Bettina loved having the room to herself. She no longer had to hold in her gas, escaping to the toilet or garden to let it out in long airy hisses. She could read her book without being interrupted and sneak her black-market moonshine without fear of being squealed on.

But now – a knock on the door.

‘Come in!’ said Bettina.

It was Millie the farmer’s wife, trailed by a young woman. Bettina’s eyes immediately went to the suitcase at the end of her bed, which held the bottle of parsnip liquor. Had she locked it? She wouldn’t have forgotten to lock it.

‘Ivy, meet Bettina; Bettina, meet Ivy,’ said Millie.

She smiled at the girl, who was standing just inside the room, looking around with eyes of steel. She was average build and average height. Late twenties, perhaps. Her hair was white-blonde – almost white, actually – and scraped back, hanging in a long unfashionable plait down her back. Her ears stuck out and one of them, at the top, seemed to have a point to it, a little nub. Her eyes were light blue and she was dressed in a plain navy-blue button-down dress and brown shoes of the sort a man would wear. She did not smile back.

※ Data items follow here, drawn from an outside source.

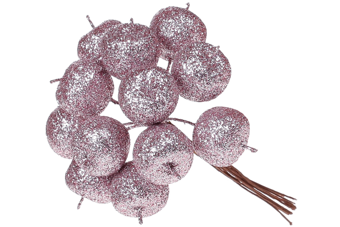 Декоративний букетик яблук 12шт, 11см, колір - рожевий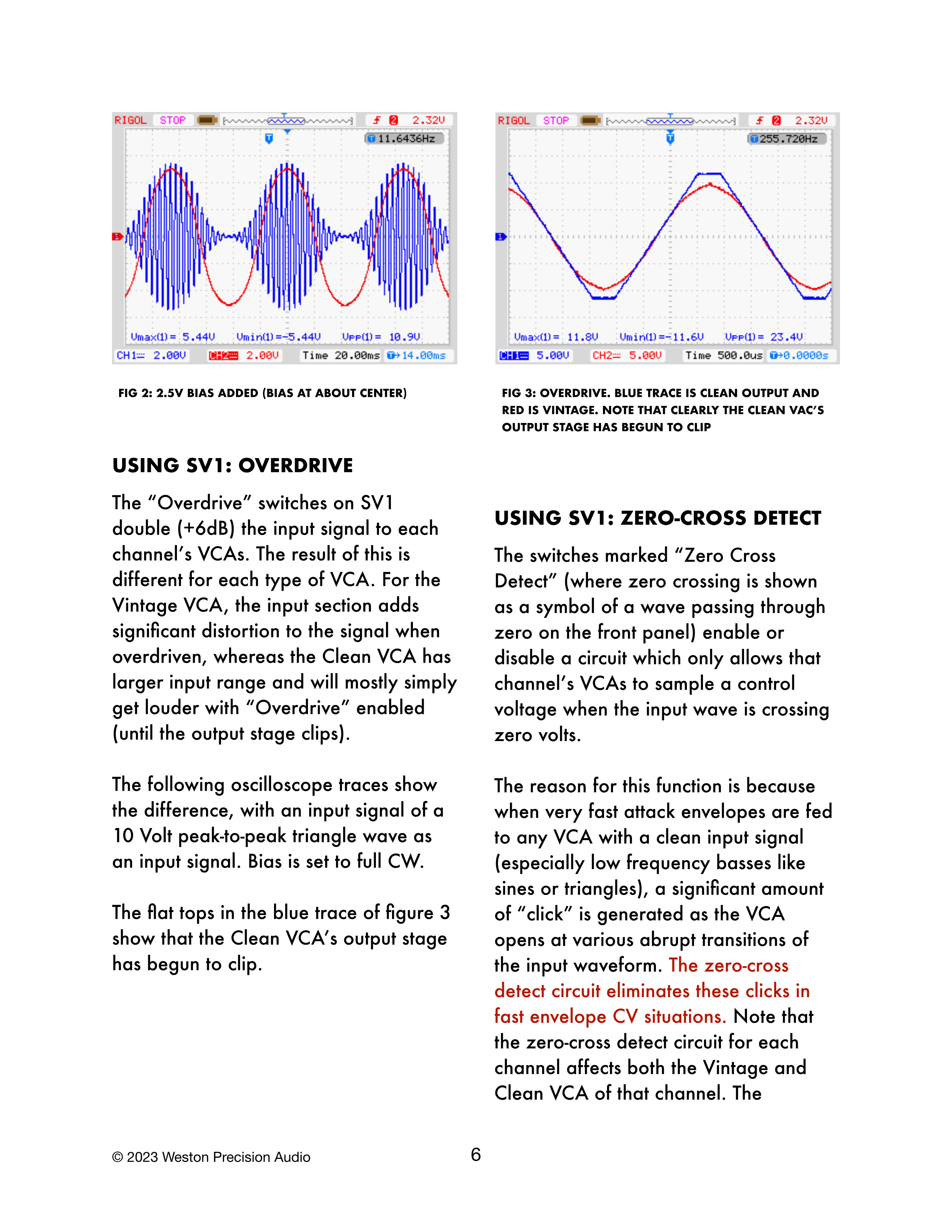 以下のオシロスコープの波形は、入力信号として10Vピークトゥピークの三角波を使用した場合の違いを示しています。Biasは最大CWに設定されています。図3の青色の波形の平らな頂点は、Clean VCAの出力段がクリップし始めたことを示しています。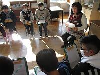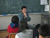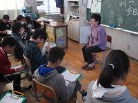 5時間目に、4年1組で研究授業をおこないました。算数の「小数と整数のかけ算・わり算」という単元の授業でした。今回は、同じ授業を二つの形態でおこなう授業として、担任の富田勝巳先生が集団の授業で、穗坂陽子先生が少人数の通級教室で指導するところを参観し合いました。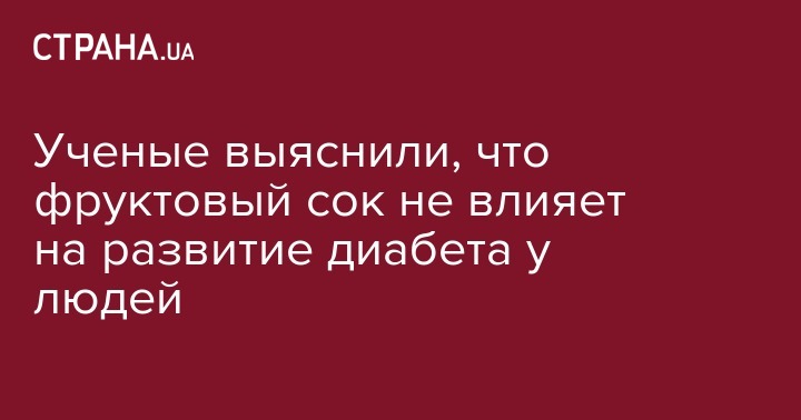 Американские ученые не нашли прямой связи между употреблением 100%-го натурального фруктового сока без добавления сахара и риском развития диабета второго типа.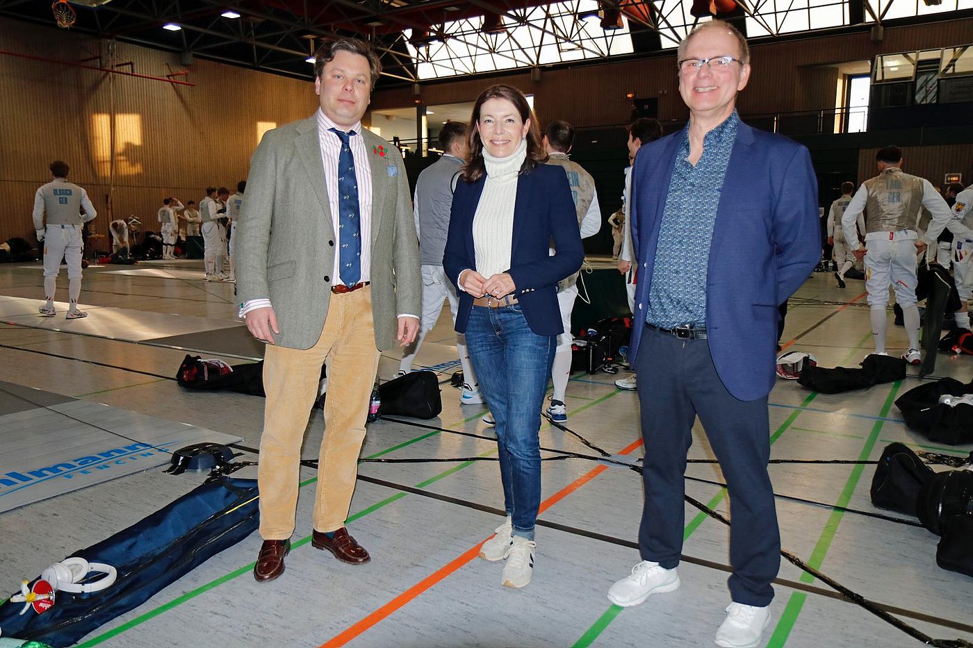Bild 1: Benjamin Denzer (DFB-Präsident), Monika Böttcher (Bürgermeisterin Dörnigheim), Dr. Michael Kaib (Abteilungsleiter Fechten der TG Dönigheim).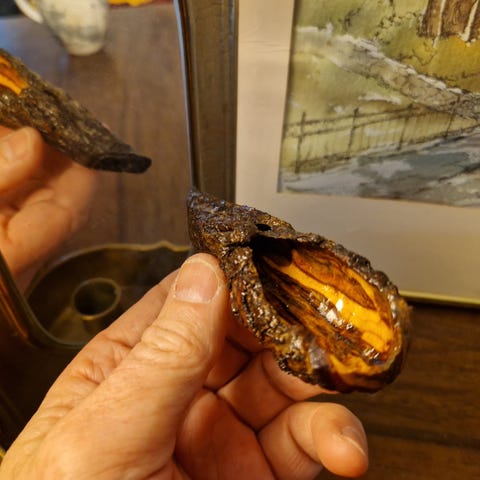 Et lite kunstverk i seg selv. En skje med enkle linjer med funksjon fusjonert med og inspirert av linjene til stykkets opprinnelige organiske form - del av en rot.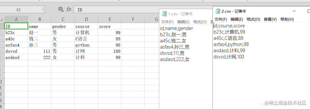 通常我们处理文件都是用python+pandas,确实很香。但是今天突然有人找我用go写一个合并两个csv文件的,需要将两个csv按id进行合并,大致如下图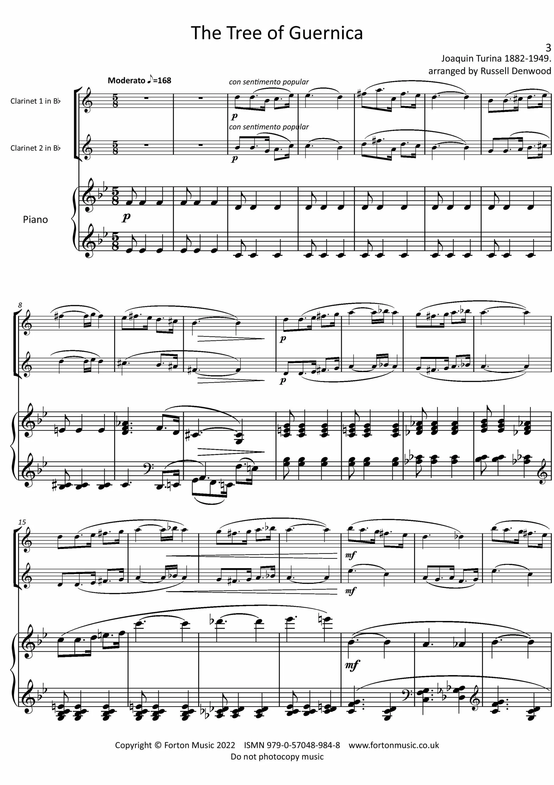 Turina (1882 – 1949) wrote this piece for piano solo in 1927. The tree in the title is a well known landmark in the town of Guernica in Northern Spain (the capital of the Basque country). It was used as a meeting place for the whole area (rather like an informal parliament). The coat of arms of the Basque Region features the oak tree as a major part of the design. The piece was written 10 years before the infamous bombing of the town in the civil war, of which Picasso made a famous mural. The music is in 5/8, giving it an unusual “Spanish” lilt, describing perhaps calmer times in the town. The style of the music reminds one of Manuel de Falla and especially of Ravel (the piano trio of 1914). Ravel was by birth a Basque, being born in St.Jean de Luz (40 Km to the East of Guernica). Turina seems to have captured the quiet uniqueness of the area in this piece.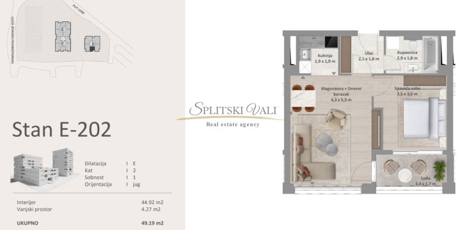 Stan E202 - jednosoban stan ukupne površine 49,13 m2, nalazi se na 2. katu (od ukupno 10 katova) zgrade. Stan je južne orijentacije i sastoji se od spavaće sobe, kupatila, kuhinje, dnevnog boravka s blagovaonicom i lođe. Velike staklene stijenke u stanu pružaju mnogo osvjetljenja tokom dana i otvoren pogled iz samog stana. Stanu pripada i parking mjesto u garaži (35.000€) i sprema koja se nalazi u suterenu (22 000€).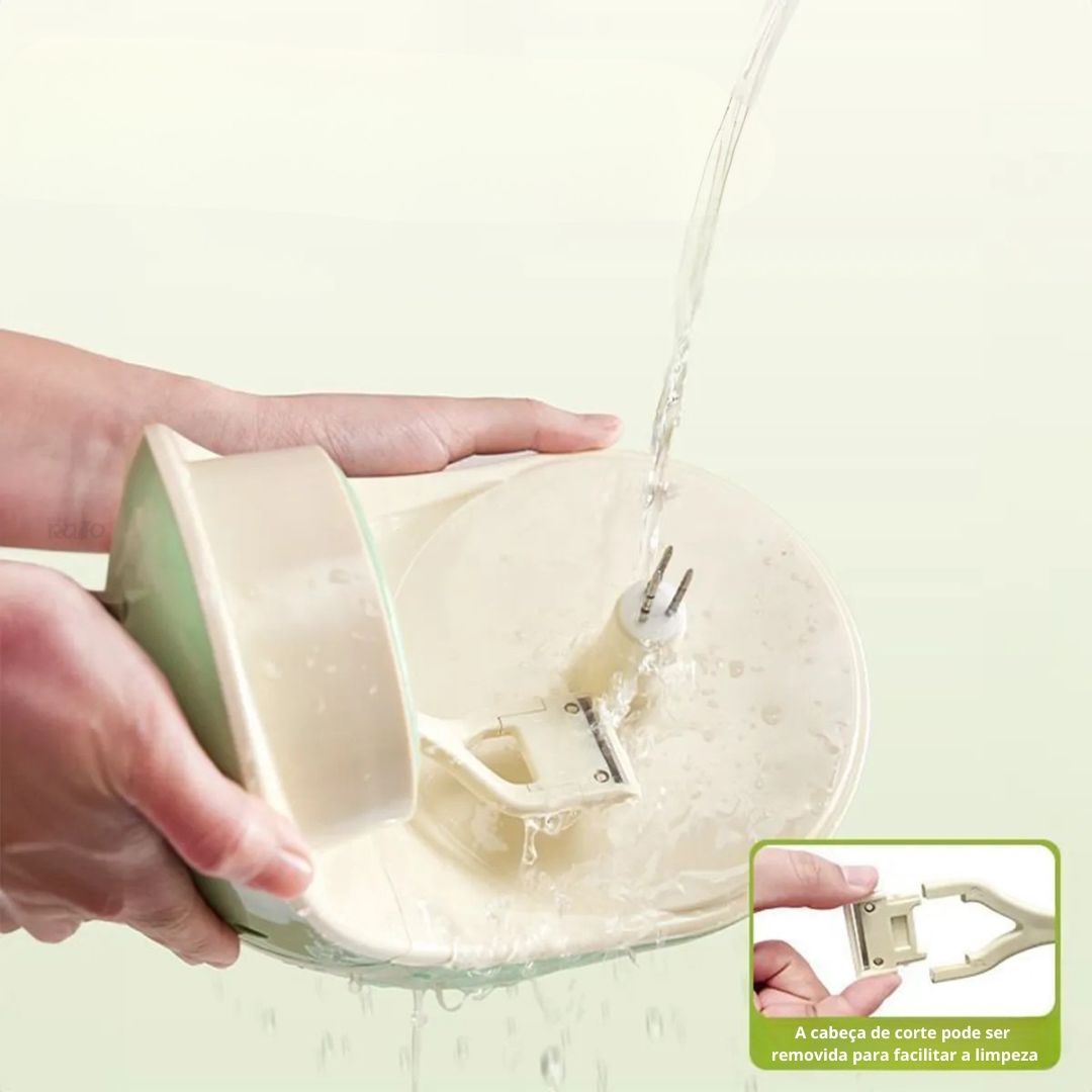 - Modelo recarregável inclui descascador externo para maior comodidade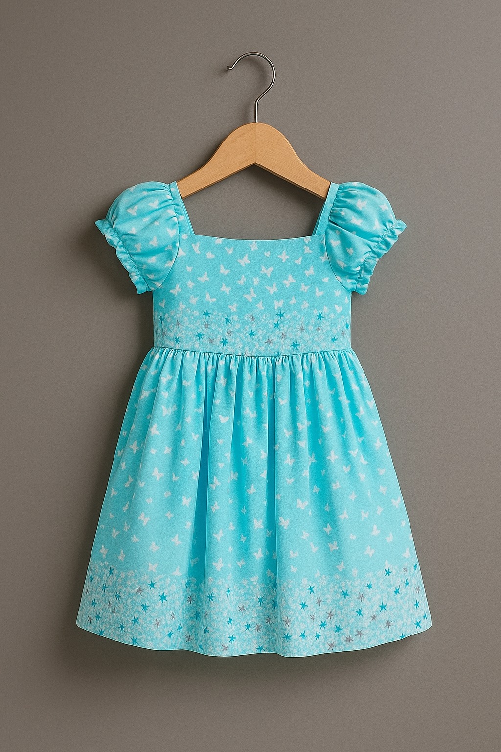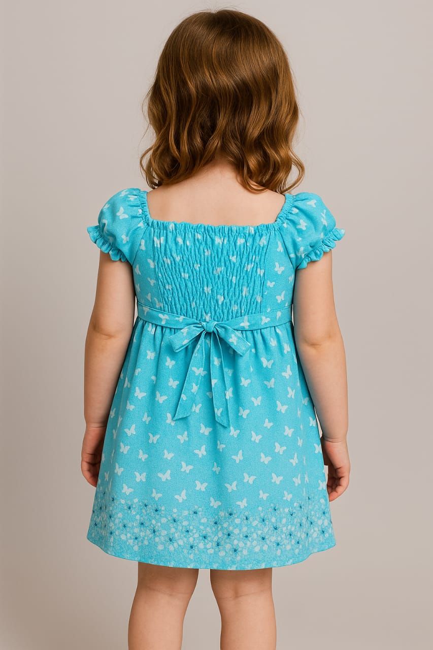 A charming sky blue frock adorned with an all-over white butterfly print, delicate puff sleeves, and a smocked bodice. The dress features an empire waistline with a flared skirt, accented by a cute tie-up bow at the back. Ideal for playful days and dressy occasions alike.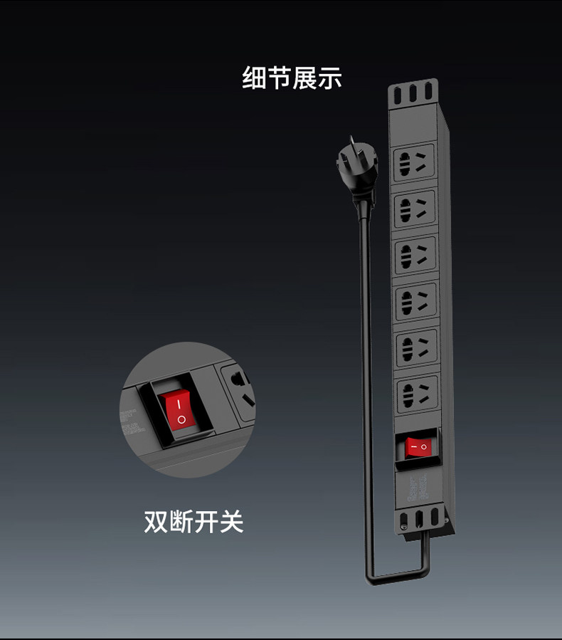 PDU机柜电源插座10A6位防雷带双断开关1U19英寸铝合金排插接线板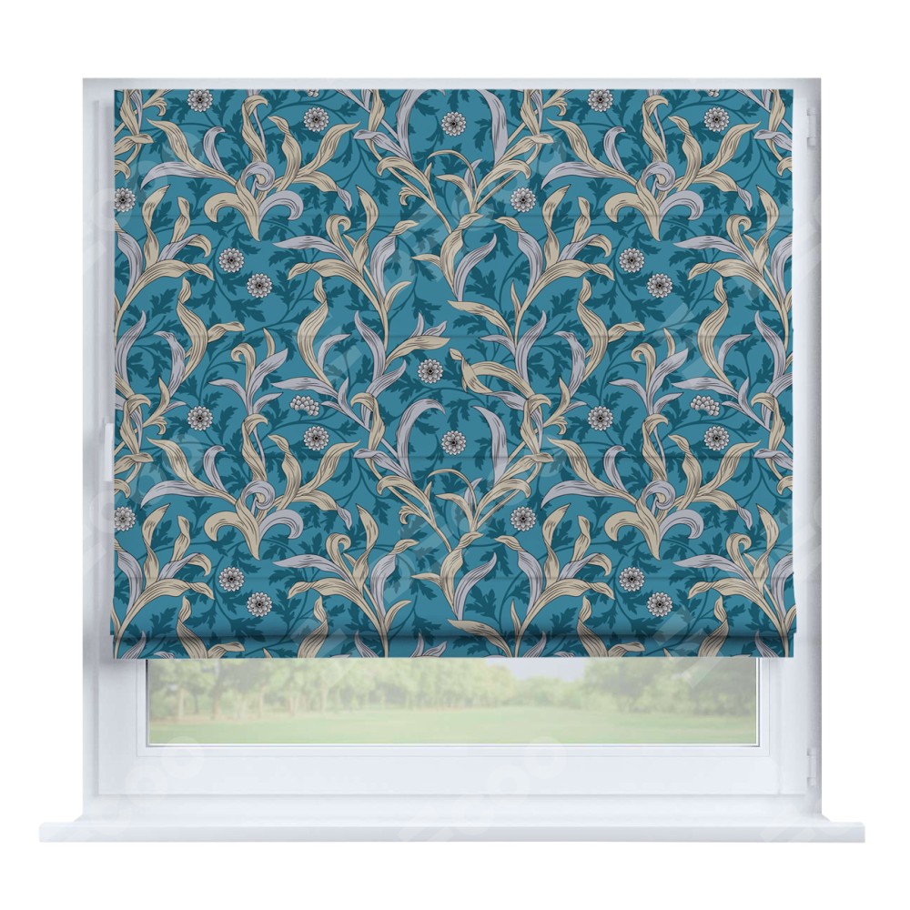 Римская штора производителя «Cortin», устанавливается на створку окна, пошита из ткани блэкаут с нанесением сублимационной печати «Винтажные листья». Штора шьётся по индивидуальным размерам, для данного типа римской шторы возможная ширина от 35 до 150 см., высота до 250 см.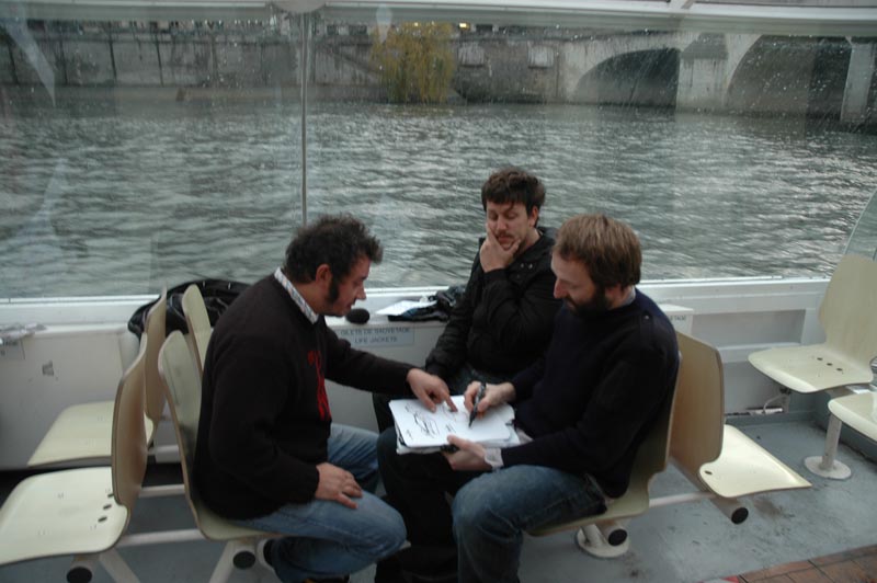 C'est sur le pont bâbord du Rivoli, fleuron des Batobus de la Ville de Paris, que le capitaine Gallis dessine le premier croquis du Fabrudy, le radeau qui ne traversa pas la Loire et que Bruno Persat expliqua à Eddy Godeberge la proportion parfaite de salaison du jambon de pata negra.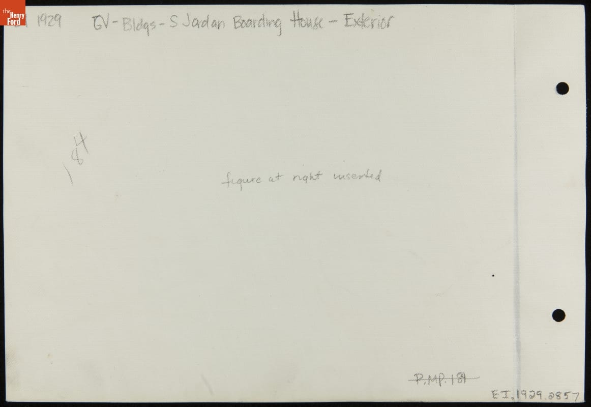 Charles Edison, Henry Ford, Anna Maria Osterhout Edison, William Meadowcroft, Thomas Edison, and Theodore Edison on the Porch of the Sarah Jordan Boarding House at its Original Site, Menlo Park, New Jersey, 1928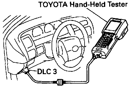 To check DTC, connect the OBDII scan tool or TOYOTA hand-held tester to Data Link Connector 3 (DLC3) on the vehicle. The OBDII scan tool or TOYOTA hand-held tester also enables you to erase the DTC and check freeze frame data and various forms of engine data. (For operating instructions, see the OBDII scan tool's instruction book.)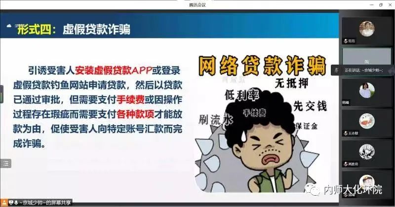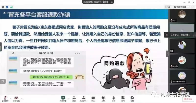 邀请呼和浩特市公安局反诈中心张巍警官在线上为师生进行题为“防范电信网络诈骗-共建平安和谐社会”的反诈骗宣传讲座。院学生工作负责人范磊老师主持了讲座。

‘Breakfast is at half past four,’ said Millie. ‘The bathhouse is downstairs next to the kitchen – you’re permitted one hot bath a week and you must book it in advance. If that doesn’t feel sufficient, and I have been told many times that it is not, well, there’s a sink’ – she pointed at the corner of the room – ‘cold water only, mind.’

Ivy nodded.

‘It goes without saying, but I shall say it anyway – no men, no lewd language, keep your squabbles to yourself, and if I ever catch you with black-market produce, that’s it for you. Dutch will assign you your jobs. Ask him after supper and you’ll find him in a good mood.’ Millie looked at Bettina. ‘You in here again on your day off?’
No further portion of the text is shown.